** Opening THE RECORDS block **

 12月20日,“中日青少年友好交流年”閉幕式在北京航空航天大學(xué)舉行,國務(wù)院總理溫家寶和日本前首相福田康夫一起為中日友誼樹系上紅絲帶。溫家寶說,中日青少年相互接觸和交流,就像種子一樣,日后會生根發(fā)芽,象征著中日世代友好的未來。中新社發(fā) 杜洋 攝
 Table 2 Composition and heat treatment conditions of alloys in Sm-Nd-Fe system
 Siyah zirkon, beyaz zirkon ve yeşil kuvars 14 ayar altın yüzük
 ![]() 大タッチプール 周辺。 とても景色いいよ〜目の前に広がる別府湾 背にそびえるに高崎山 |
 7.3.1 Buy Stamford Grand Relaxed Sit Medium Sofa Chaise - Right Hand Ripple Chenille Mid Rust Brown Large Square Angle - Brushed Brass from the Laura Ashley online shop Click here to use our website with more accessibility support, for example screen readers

** Closing THE RECORDS block **
** Opening THE RECORDS block **

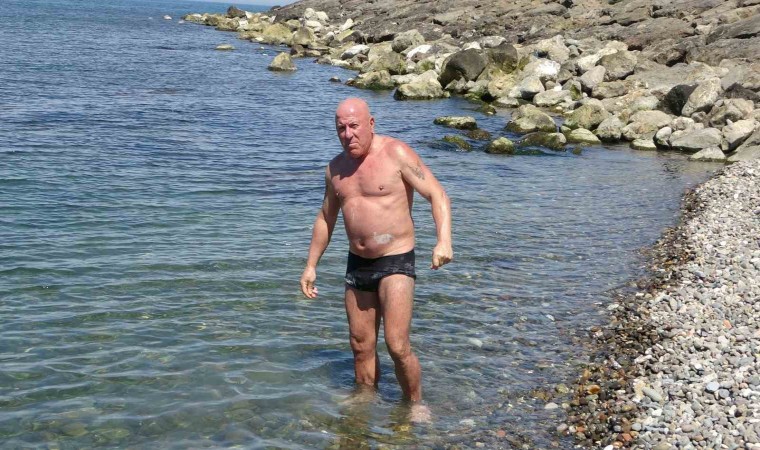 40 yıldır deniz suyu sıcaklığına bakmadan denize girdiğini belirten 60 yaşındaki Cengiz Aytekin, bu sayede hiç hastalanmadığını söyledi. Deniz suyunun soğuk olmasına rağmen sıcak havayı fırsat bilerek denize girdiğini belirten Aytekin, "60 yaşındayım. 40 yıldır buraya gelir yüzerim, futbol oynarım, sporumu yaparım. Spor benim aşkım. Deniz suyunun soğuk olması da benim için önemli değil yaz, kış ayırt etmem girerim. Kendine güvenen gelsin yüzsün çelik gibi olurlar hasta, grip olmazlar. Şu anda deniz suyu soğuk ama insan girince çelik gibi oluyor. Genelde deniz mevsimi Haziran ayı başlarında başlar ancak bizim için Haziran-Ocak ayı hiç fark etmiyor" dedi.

** Closing THE RECORDS block **
** Opening THE RECORDS block **

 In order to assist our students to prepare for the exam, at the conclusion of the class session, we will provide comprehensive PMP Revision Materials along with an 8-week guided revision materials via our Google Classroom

** Closing THE RECORDS block **

◆ **ASSIGNMENT**:
Scan the records above for the lines holding "とても景色いいよ〜目の前に広がる別府湾 背にそびえるに高崎山 |" and "7.3.1 Buy Stamford". Transcribe those two and every line between them word for word, and no others.

◆ **WRITTEN RESPONSE**:
 ![]() 大タッチプール 周辺。 とても景色いいよ〜目の前に広がる別府湾 背にそびえるに高崎山 |
 7.3.1 Buy Stamford Grand Relaxed Sit Medium Sofa Chaise - Right Hand Ripple Chenille Mid Rust Brown Large Square Angle - Brushed Brass from the Laura Ashley online shop Click here to use our website with more accessibility support, for example screen readers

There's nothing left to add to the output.